How do we feel about a DPoW-like approach?


#1

One thing we’ve come across in discussions about longer-term solutions to the 51% attack problem is the DPoW approach - “Distributed Proof of Work.” I believe the idea was pioneered by the Komodo team - I know they’ve suggested it directly to us.

Their model is here: https://wiki.komodoplatform.com/wiki/Delayed_Proof_of_Work_(dPoW)

Initially, I found the idea of selected “Notary Nodes” signing block hashes for recording to feel a bit opposed to Bitcoin ideals - no authorities, fully decentralized. We don’t currently have a method for elections among stakeholders, nor do we direct any mining revenue to pay nodes or supernodes, as some other coins do.

But the idea of having valid block hashes recorded in another chain has a lot of security merit. I’ve been mulling over a simplified version of this, and would like to hear thoughts from others, especially devs.

A basic “record and reference” approach has value for defense:

Assume there are some BTG nodes which write “witnessed” blocks to another chain (such as LiteCoin). All nodes can monitor the LTC chain to confirm that recent blocks are there for reference; these can be given additional weight when calculating blockheight in the event that there are suddenly two competing chains of length > 2.

Because the blocks recorded in the LTC chain get extra weight, an attacking (private-mined) chain can’t easily orphan the honest blocks… and if the attacking chain wants to record their blocks into the LTC chain to get the “weighting,” then their activity is visible. When this happens, everyone can be aware that there is a chain split in play, and exchanges can halt deposits.

This means that an attacker may still be able to cause a reversion if they choose to spend a lot of money on private mining, but they can never do this in secret.

This visibility of a chain split in progress, even if the attacker has not yet broadcast their private blocks to the public network, has great alert value.

How to finance NotaryNodes?

Proposal: simply allow any node to act as a notary node, voluntarily! We would do this with the Bitcoin Gold Organization’s own nodes, as well. The notary node voluntarily absorbs the cost of paying for an LTC transaction to simply record the last seen BTG blockhash, assuming it hasn’t already been seen in the LTC chain.

This is a very small cost which we can easily cover… but other large players may also choose to fund their node with LTC to pay the notary cost - like an Exchange or a Pool. They all want the protection, and the net cost is very low. And if someone else has already put the hash into the LTC chain, others don’t need to pay the cost.
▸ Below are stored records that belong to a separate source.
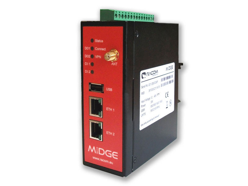 M!DGE jest profesjonalnym, przemysłowym routerem bezprzewodowym przeznaczonym do transmisji danych w aplikacjach SCADA i telemetrycznych. Doskonale realizuje zadania wszędzie tam, gdzie konieczna jest pewna i stabilna bezprzewodowa komunikacja, także na dużych instalacjach, w których pracują setki urządzeń. Wbudowany podwójny port Ethernetowy (10/100), port szeregowy RS-232 i USB umożliwiają routerowi współpracę z wieloma różnymi urządzeniami. Przykładowo, przez port RS-232 można podłączyć do platformy SCADA sterowniki PLC, falowniki etc., i uzyskać do nich zdalny, bezprzewodowy dostęp. M!DGE ma także zintegrowane 2 wyjścia i 2 wejścia cyfrowe, którymi można zarządzać przez program lub stronę www.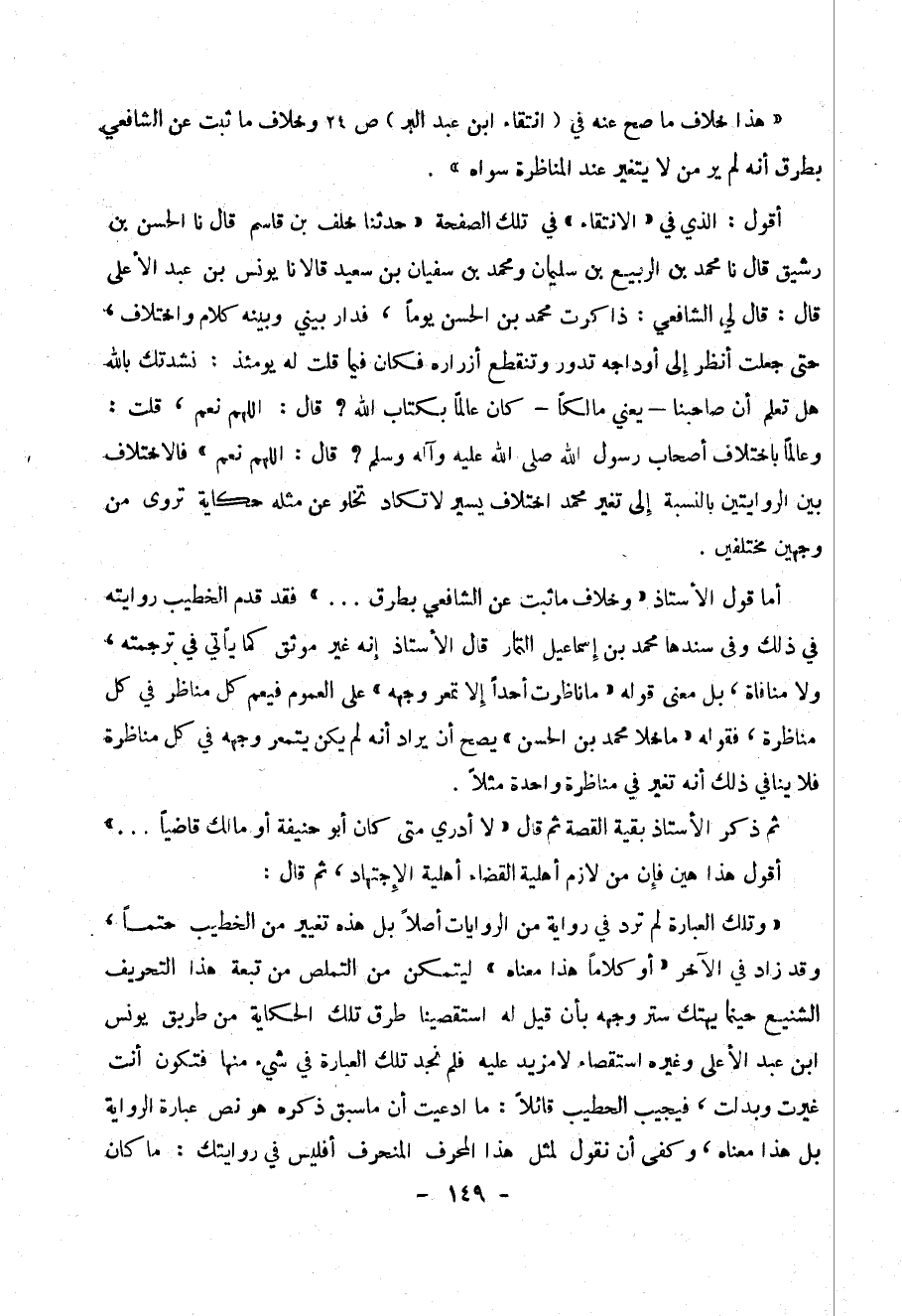 ((وتلك العبارة لم ترد في رواية من الروايات أصلاً بل هذه تغير من الخطيب حتماً وقد زاد في الآخر ((أو كلاماً هذا معناه)) ليتمكن من التملص من تبعة هذا التحريف الشنيع حينما يهتك ستر وجهه بأن قيل له استقصينا طرق تلك الحكاية من طريق يونس ابن عبد الأعلى وغيره استقصاء لا مزيد عليه فلم نجد تلك العبارة في شيء منها فتكون أنت غيرت وبدلت، فيجيب الخطيب قائلاً: ما ادعيت أن ما سبق ذكره هو نص عبارة الرواية بل هذا معناه، وكفى أن نقول لمثل هذا المحرف المنحرف أفليس في روايتك: ما كان
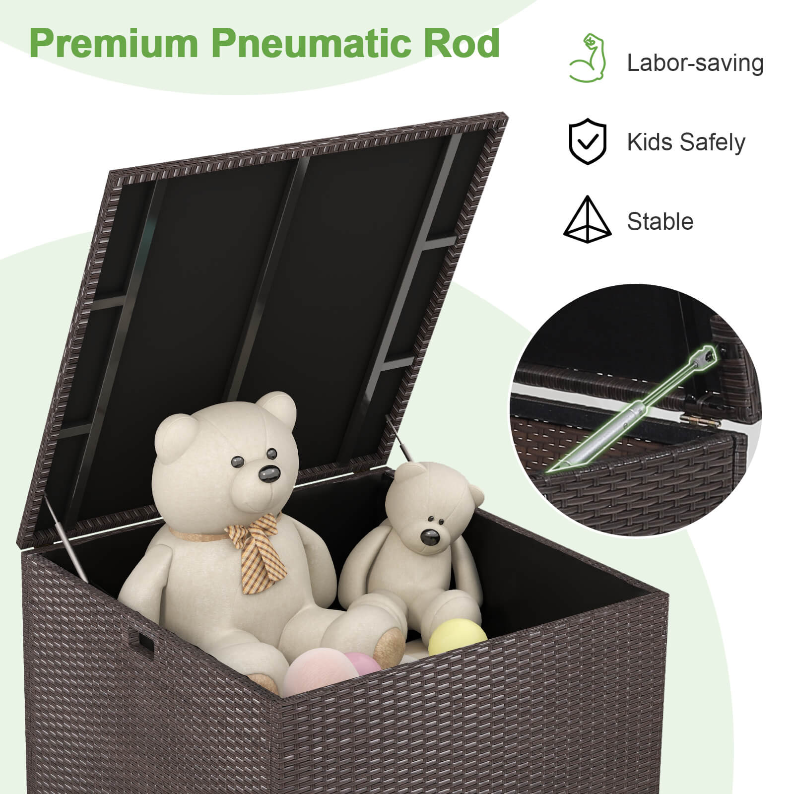 72 Gallon Rattan Outdoor Storage Box with Zippered Liner and Solid Pneumatic Rod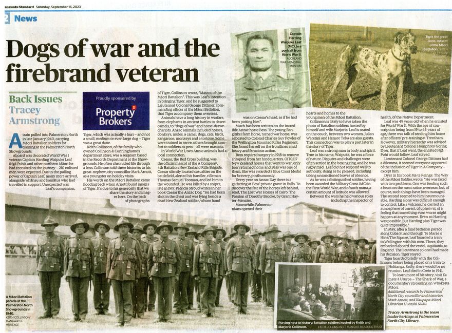 Local historians weekly "Back Issues" article in the Manawatū Standard. The story of the dog Tiger, a great dane, mascot of the Māori Battalion during World War 2. Tiger was the companion dog of Captain Harding Waipuke Leaf (Ngā Puhi). Tiger stayed in New Zealand when Captain Leaf departed for service overseas. Sadly he died in Crete in 1941.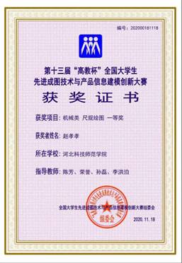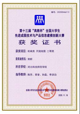 2020年11月14日,第十三届“高教杯”全国大学生先进成图技术与产品信息建模创新设计大赛全国总决赛举行,来自全国395所高校的647支参赛队伍参加比赛。涉及参赛学生4538 人、参赛教师 2322 人。Beat365机电工程学院6名学生组成两支代表队参赛,共获得一等奖一项、二等奖一项、三等奖四项。比赛采取线上形式进行。(编辑:孙艳敏  审核:赵宗宝)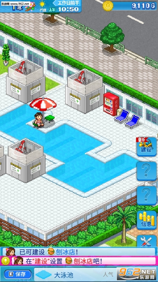 一款像素风格类的模拟经营游戏,在这款游戏中,你将要去经营自己的水上乐园,在这里建造你的度假村的设施,感受到度假村的氛围,喜欢的小伙伴不要错过哦!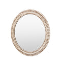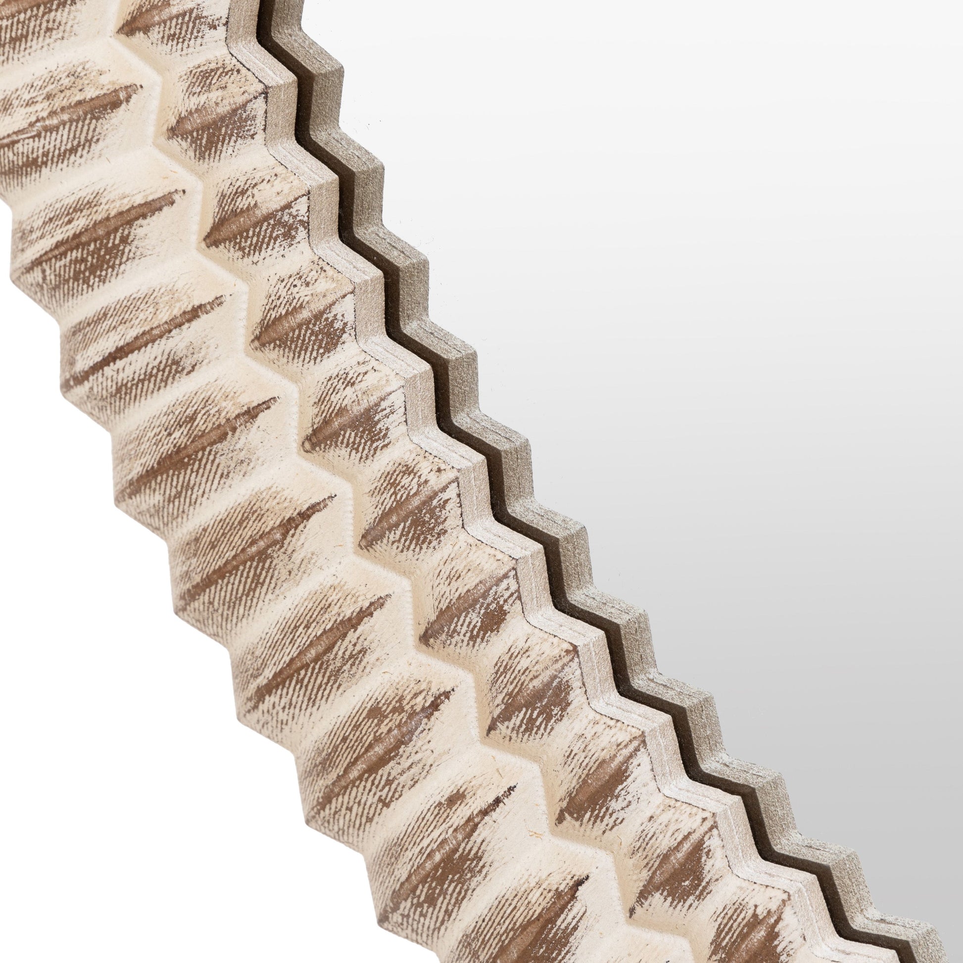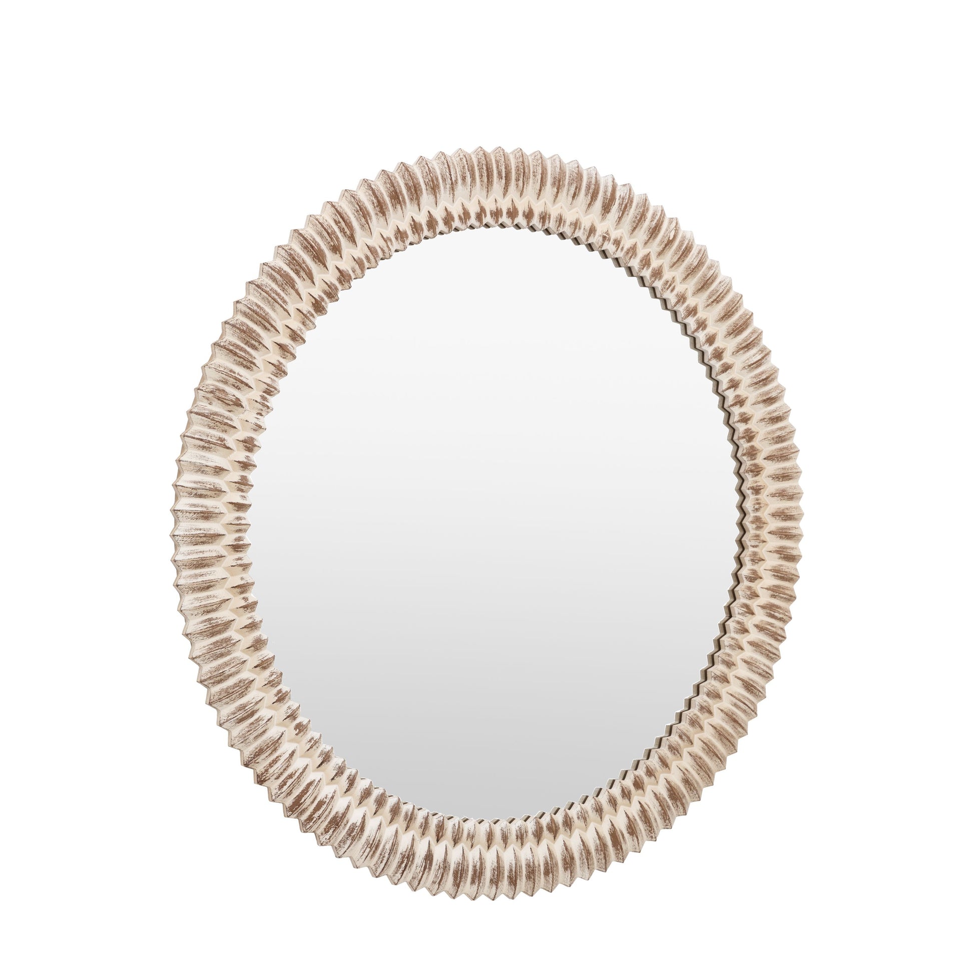 Enhance your space with our round mirror, distinguished by a captivating 3D wooden etching style frame and a chic whitewash finish. The intricate etching adds a rich, textured dimension, while the whitewash treatment brings a soft, coastal charm to the wood, highlighting its natural beauty. This combination of detailed craftsmanship and elegant finish makes the mirror a versatile statement piece for any room. Ideal for living rooms, bedrooms, or entryways, it not only reflects light but also infuses your home with timeless style and sophisticated grace.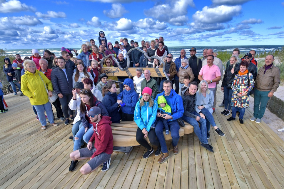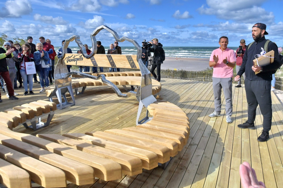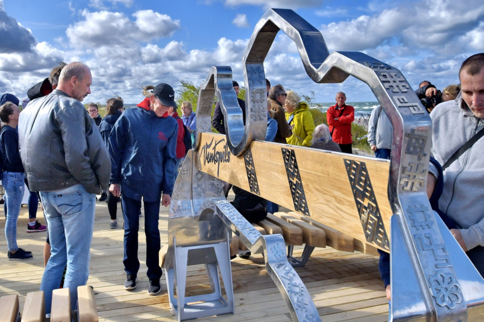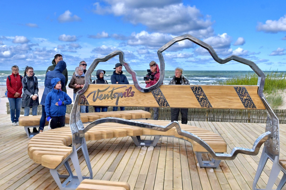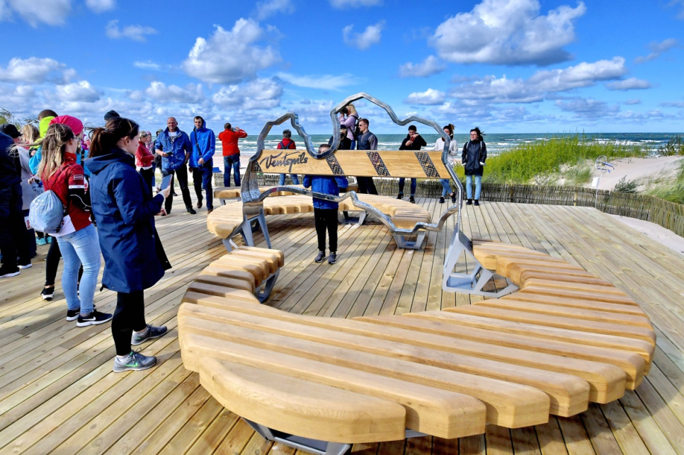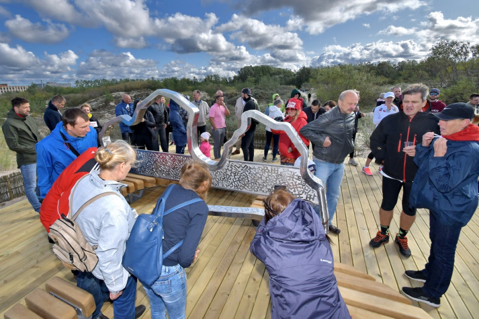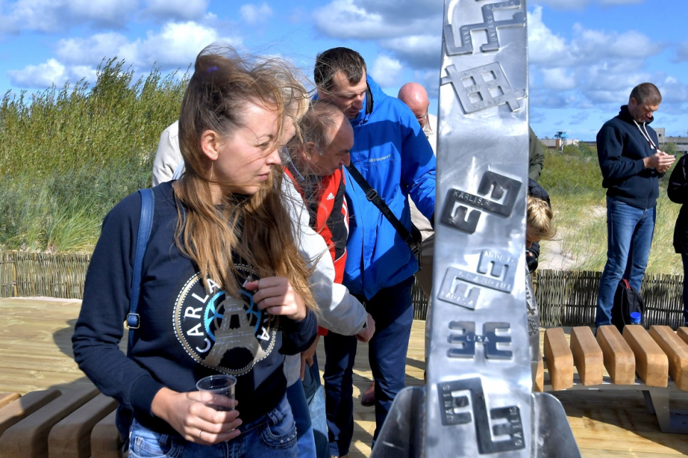 В субботу, на вершине самой высокой дюны у 5-й дорожки открыли новый объект смотра. Это подарок от ООО Bucher Municipal Вентспилсу в честь столетия Латвии.

Using the LTC chains is a good one to consider for a couple of reasons:

  • transaction cost is very low
  • LTC blocks generally happen 4x as quickly as BTG blocks, for prompt recording
  • LTC is mined on very different algo/hardware from BTG

Potential problems:

  • need to ensure that the recording is easily spotted, so that we can always notice if a private miner is registering blocks!
  • need to give BTG nodes easy ability to monitor the LTC chain without causing excessive impact
  • need to consider how to defend against a spam attack or other attack vectors using LTC to try to over-weight an attack chain

What other complications am I missing?


#2

You are missing:

  1. If you choose alternate chain to rely upon you are reducing the security of your original chain, not increasing it. What if the chain you’re relying upon hardforks? What if they also experience an attack themselves, unrelated to BTG. Would BTG stop because of that?

  2. LTC is a poor choice only based on lower fees as fees are highly subjective because the cost of getting into a block may be higher on some chains but so is the security that provides.

  3. LTC is a poor choice because it’s the exact opposite of BTG. There they have very centralised mining hardware which is the exact thing BTG is against so relying on LTC makes zero sense.

Should this idea be pushed further BTC is the only chain BTG can rely on but in that case why not just merge mine?